Todd Foley: So, tell me a little bit more about that. I think that’s very interesting, right? I think we all look at it, needing to have checks and balances on what we do but often it takes the form of like red team, blue team, external testers. You’re talking about being able to have checks and balances and validation, against every aspect of your program, right? Not just the, the technical, controls.

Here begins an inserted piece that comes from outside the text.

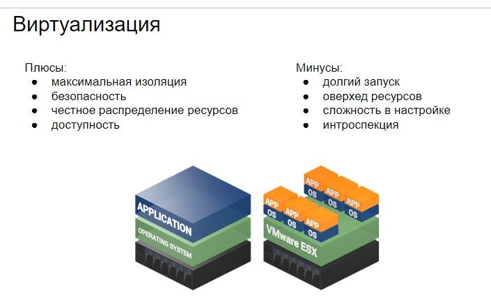 При необходимости виртуализации системы с гарантированно выделенными ресурсами и виртуальным аппаратным обеспечение, стоит выбрать VM. Что даёт использование VM:

Jacob Lorz: Yeah, that’s exactly right. So, I mean, if you think about building out a cyber program, you have multiple legs to the program. You’ll often have an architecture or engineering team. You’ll of course have an operations team. You’ll have a GRC team. What I’m talking about is a, still a separate team or maybe a sub team of your GRC function that is dedicated to working with all the other teams to say, okay, what have you done over the last month or quarter? What have you built? What have you implemented? What process have you created? Documenting that and then adding that to a task list of continuous validation. So it’s kind of that first line of defense before we started even talking to internal audit teams or third party auditors, which of course we still work with, but helping to ensure that we’re going to catch it, even if our conceptual tools and processes have failed, everything that we build up to date, which we think is the right thing to do, we still want to double check and ensure that there hasn’t been configuration drift, for example, or that there hasn’t been something has been over permission, which we didn’t expect.
Todd Foley: I think that’s yeah, I think that’s really interesting that that’s buildings security resiliency into your culture is what that sounds like to me, how is. How do you avoid having that validation team, be seen as the enemy by your other groups internally? Cause they’re checking up on everyone, right? How do you avoid that sort of internal affairs branding? And how does that work in your culture today?
Jacob Lorz: You have to highlight successes, right? You have to you have to make a mind shift happen to a security, first thought, right? And you have to say, okay, it’s good that we found something we didn’t expect. That’s the whole point of the team. And we’re only better at the end of the day because somebody else isn’t going to take whatever we found and use that as a point of exploitation. So it’s no fault. I’m not saying engineer over there. You did something wrong. I’m saying just didn’t work out how we wanted it to work out. So now we’re going to correct it, but it truly is kind of like a culture shift and mind shift towards that security. First, security always, again, reducing friction, but let’s do the right thing.
Todd Foley: Well, thank you, Jacob, for joining me today. For our listeners and viewers, please visit cdomagazine.tech for additional interviews. It’s been a pleasure talking to you. I hope you have a great day.
Jacob Lorz: Oh, thanks a lot, Todd. I had a great time. I appreciate the conversation. It’s good talking to you.